▶ **TASK STATEMENT**: Transcribe every line from the one containing "7.3.1 Buy Wilson" to the end of the listing, exactly as written, and leave out the pictures.

▶ **MATERIALS PROVIDED**:

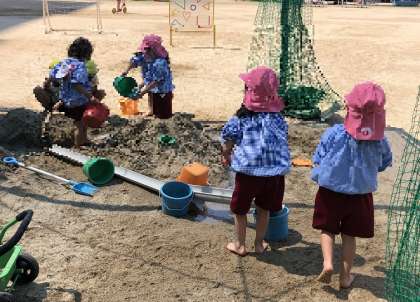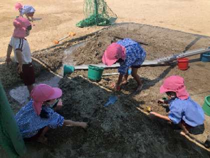 お城と温泉つくってるねん(4歳児) 公開日 2022/05/24 更新日 2022/05/24 園児の様子 今、感触を味わる遊びが園庭で繰り広げています。昨日、クラス全員でアトリエ着に着替え、裸足になって砂場へ・・山をつくったり、穴を掘ったり、そこに水を流したりして存分に遊んでいました。今日、またしたいと思った子どもたちが、裸足になり、何度もバケツなどで水をくんで流したり、砂を固めようとしたり、宝物(カップなど)を埋めたり・・それぞれに「〇〇したい」気持ちで遊んでいました(^^) いいね(0)
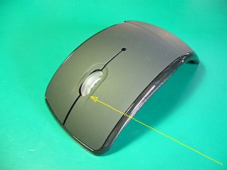 全体のギミック、無線子機の内蔵部掘り込みや折畳みスイッチの方式(左写真<クリック>)などは面白いのですが、よく使う前後送りのためのホイールのスイッチが、前送りの時の“小さな指力”で入ってしまい、ロック状態になってしまうのが拙い!
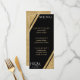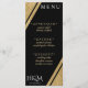 Black and gold glitter wedding reception menu card with corner stripe. Elegant typography for an expensive look at an affordable price. Customise the meal list and personal details. Great for a modern minimalist wedding theme with a touch of style.
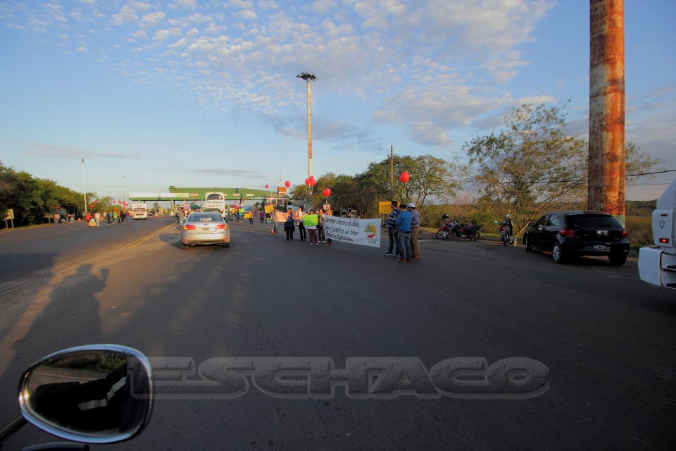 Desde el puesto de control caminero ubicado en la zona del Peaje interprovincial Chaco-Corriemtes repartieron volantes y explicaron sobre el "No a la tercerización de los servicios públicos".
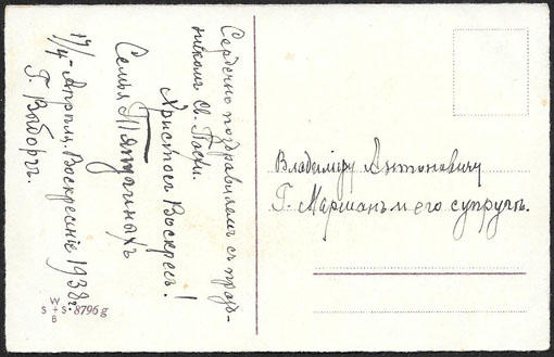 Почтовая карточка. Поздравление с Пасхой! г. Выборг 1938 г
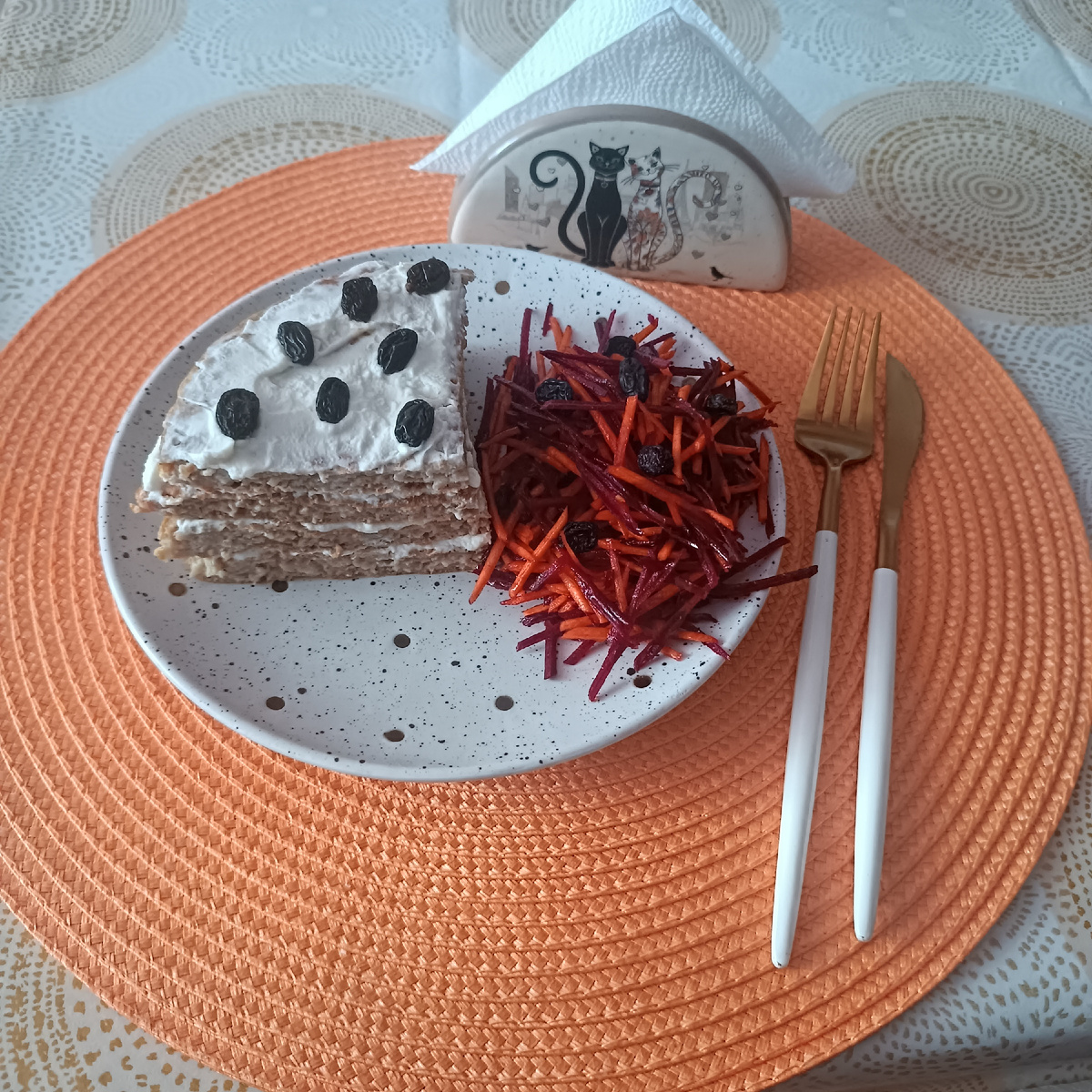 Добрый день! Я сегодня припозднилась ) А на завтрак готовила овсяноблин с яблоком и хочу с вами поделиться. Потому что результатом я осталась довольна. В августе к кабачкам присоединяются яблоки и я начинаю их везде добавлять. Вот и овсяноблин стал яблочным ) Рецепт на 4 ст ложки БГмуки. С вечера смешала 4 ст.ложки овсяной муки 2 ст.ложки кефира 1 яйцо Утром добавила в тесто 1 небольшое яблоко, очищенное от кожуры и натёртое на крупной тёрке + 1 мерную ложечку подсластителя и щепотку соды. Можно добавить немного изюма и корицы в тесто. Выпечь блин с двух сторон под крышкой на маленьком огне по 5 минут. Немного остудить. Блин получается пышным и влажным. Диаметр сковороды 20см., кстати. Я смазала рикоттой и сложила тортиком . Завтрак дополнила салатом из сырых свеклы и моркови. Он замечательно подошёл, яблоко и изюминки в салате тоже будут хороши.
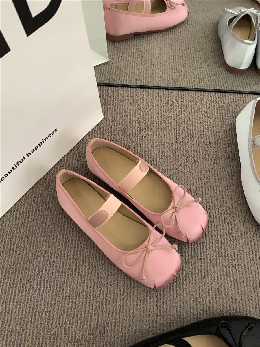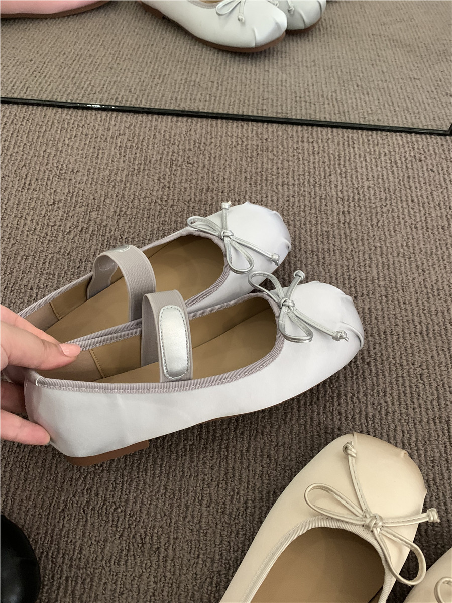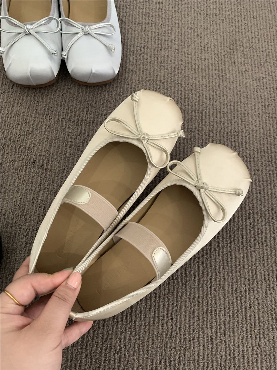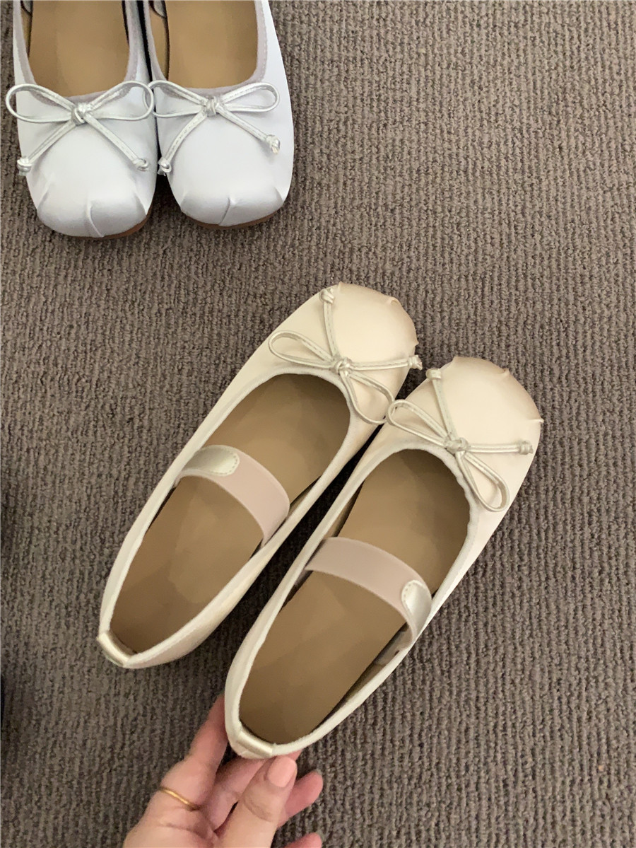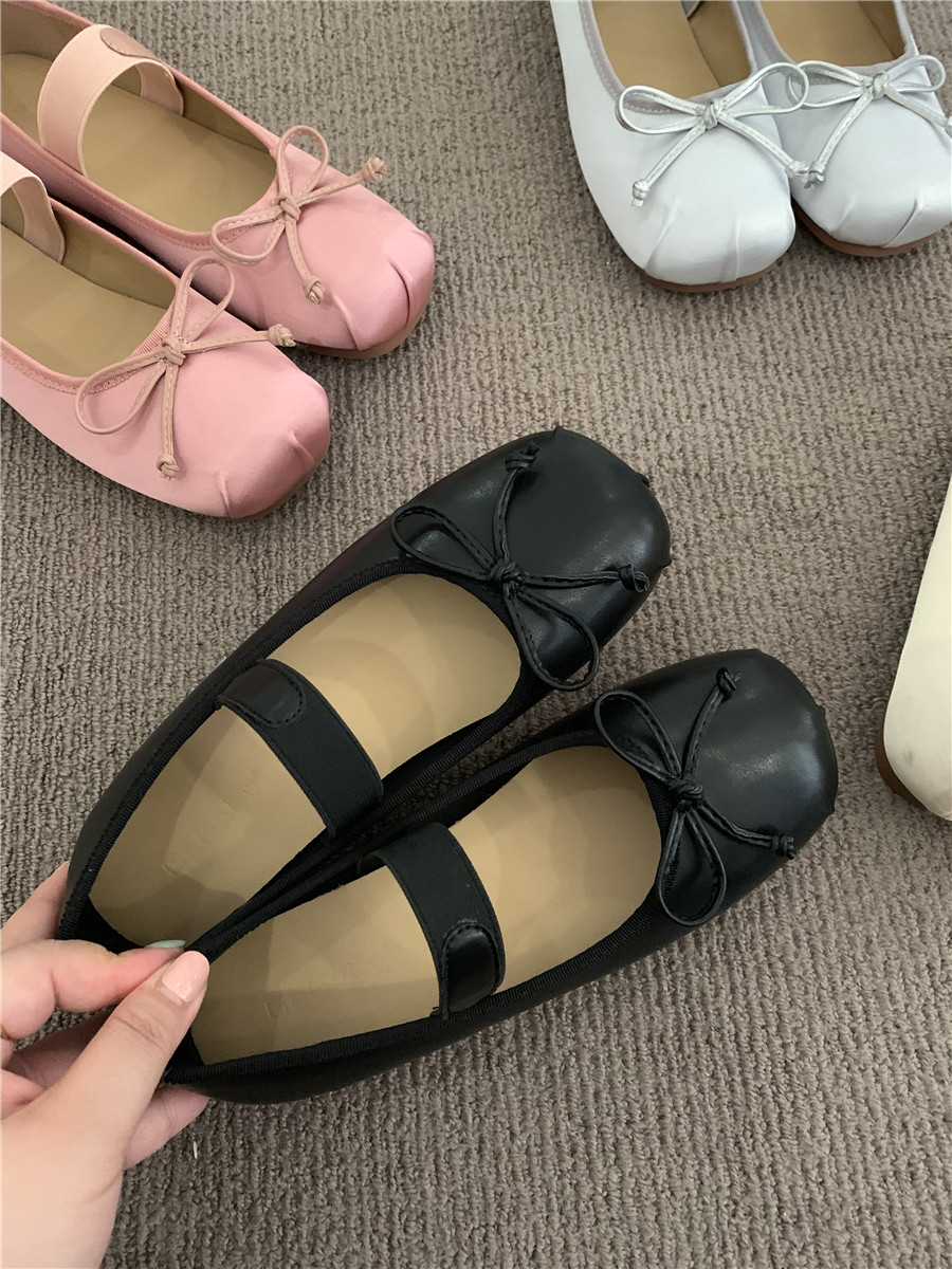 Балетки с бантиком с низким вырезом, плоская подошва обувь, весенняя подходит с юбкой, французский стиль
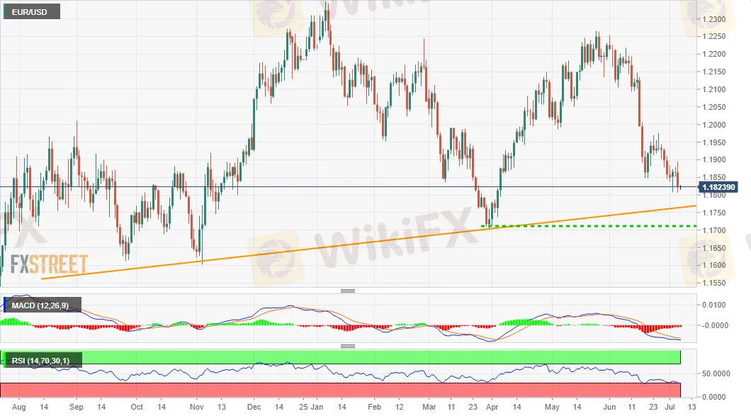 The EUR/USD pair failed to capitalize on Tuesday's modest gains to the 1.1900 neighbourhood and dived back closer to the three-month lows touched last week. The shared currency weakened across the board in reaction to disappointing economic data, which, along with a goodish pickup in the US dollar demand exerted some downward pressure on the major. The shared currency weakened across the board in reaction to disappointing ZEW survey results, which showed that investors sentiment in Germany – the Eurozone's biggest economy – fell sharply in July. The index tumbled to 63.3 for the current month from 79.8 previous. Adding to this, the gauge for the broader Eurozone dropped to 61.2 for the current month, missing 84.4 consensus estimates.
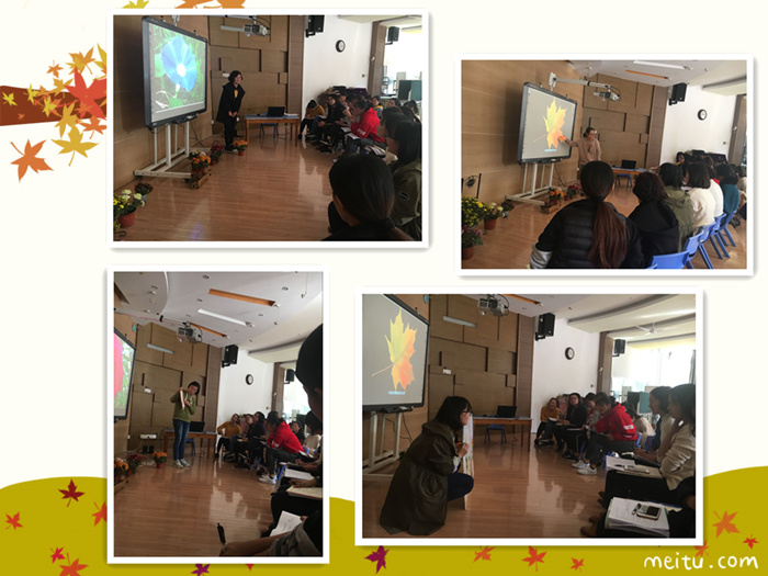 体验心跳,高效教研 为了给教师创造一个更好的相互交流、合作、探索的校验平台,提升教师组织集体活动的能力,11月9日,我园美术教研组开展了第二次教研活动。本教研活动分为三个部分。第一部分由由教研组长——葛恒英老师结合《3-6岁儿童学习与发展指南》,解答平日中教师在组织美术活动中的困惑,如——什么是示范,范画是否需要等。教师们豁然开朗,受益匪浅。第二部分由贾青老师带着小班的孩子们领略秋天多彩的梧桐树叶,红的、绿的、黄的,并用手掌印画的方式变出满树的梧桐树叶,有的在天空中飞舞,有的落在地上,还有的在树上摇啊摇。房宜静老师带着中班的孩子们走进了美丽的花园,高的、矮的,红的、黄的,一簇簇、一片片,美不胜收,并用滴画和借行想象的方式变出了缤纷的花园。第三部分毛园长带领所有的教师采用了一种新的教研方式——由一名教师组织活动,其余教师扮演学生,从幼儿的角度审视活动中教师语言组织的适宜性和有效性。不仅聚焦于教师活动组织的能力,更提高了教研的效率。在这种新的教研方式下,提升了教师们对活动中语言运用的深思和反思。
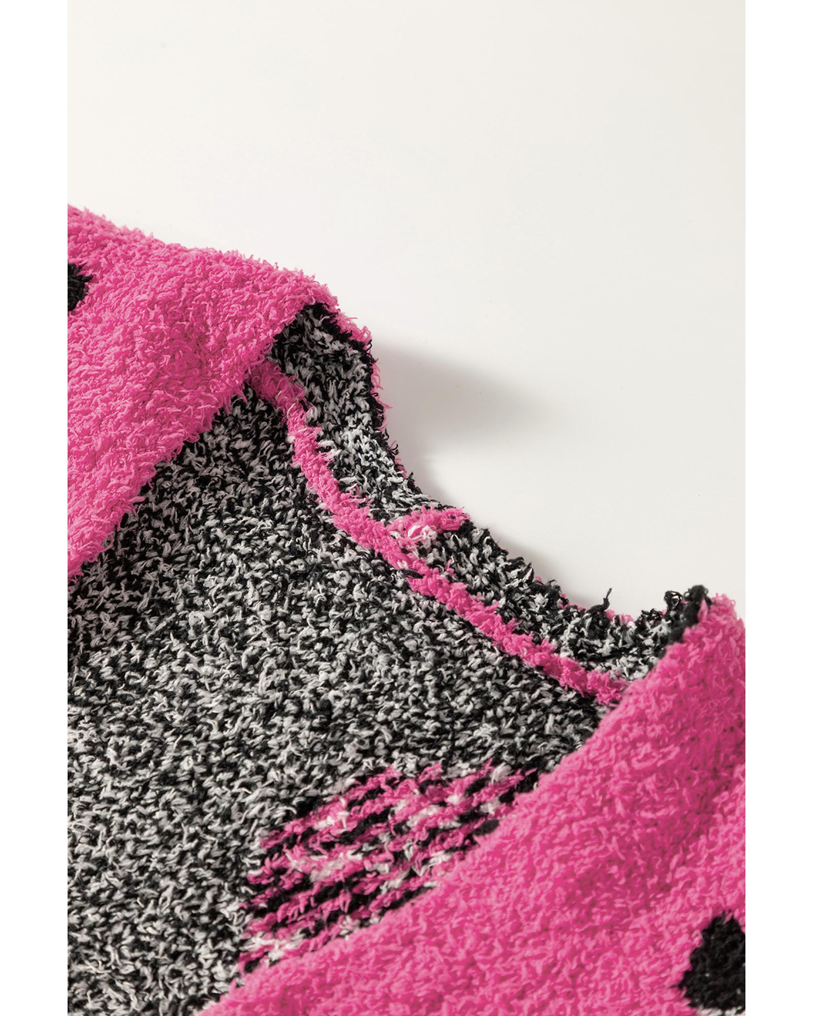 Azura Exchange Rose Red Cheetah Pattern Open Front Knitted Cardigan – M
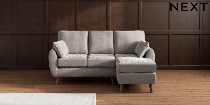 7.3.1 Buy Wilson Small Sofa Chaise - Right Hand Distressed Velour French Grey Retro Tapered - Mid from the Next UK online shop Click here to use our accessible website
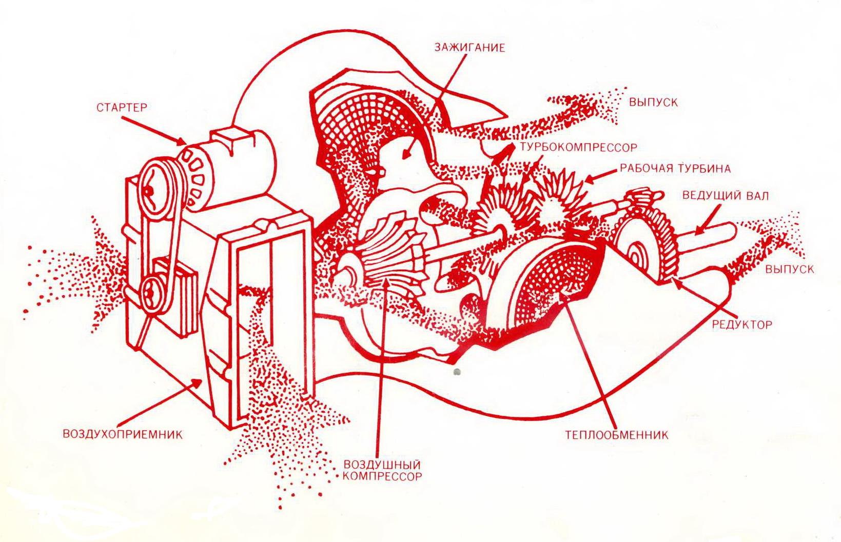 Двигатель Брейтона Это газовая турбина. Воздух поступает через два впускных отверстия. После сжатия в компрессоре воздух попадает в теплообменник для нагревания, а затем в камеру сгорания, где о смешивается с горючей смесью и нагревается до температур свыше 800 градусов. Затем раскаленный воздух подается на лопатки главной рабочей турбины и турбины воздушного компрессора, после чего вновь поступает в теплообменник и выбрасывается через выпускной клапан. Теплообменник является по сути рекуператором тепла. Он получает тепловую энергию от отработанных продуктов и нагревает воздух, поступающий в теплообменник из компрессора.
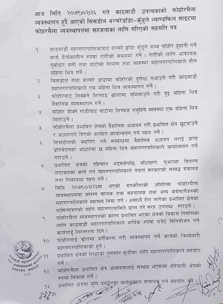 काठमाडौं । काठमाडौं महानगरपालिका र सिसडोल बञ्चरेडाँडा–कुँडुले ल्याण्डफिल साइट क्षेत्रका बासिन्दाबीच १९ बुँदे सहमति भएको छ ।

▶ **EXERCISE RESPONSE**:
 7.3.1 Buy Wilson Small Sofa Chaise - Right Hand Distressed Velour French Grey Retro Tapered - Mid from the Next UK online shop Click here to use our accessible website
 Двигатель Брейтона Это газовая турбина. Воздух поступает через два впускных отверстия. После сжатия в компрессоре воздух попадает в теплообменник для нагревания, а затем в камеру сгорания, где о смешивается с горючей смесью и нагревается до температур свыше 800 градусов. Затем раскаленный воздух подается на лопатки главной рабочей турбины и турбины воздушного компрессора, после чего вновь поступает в теплообменник и выбрасывается через выпускной клапан. Теплообменник является по сути рекуператором тепла. Он получает тепловую энергию от отработанных продуктов и нагревает воздух, поступающий в теплообменник из компрессора.
 काठमाडौं । काठमाडौं महानगरपालिका र सिसडोल बञ्चरेडाँडा–कुँडुले ल्याण्डफिल साइट क्षेत्रका बासिन्दाबीच १९ बुँदे सहमति भएको छ ।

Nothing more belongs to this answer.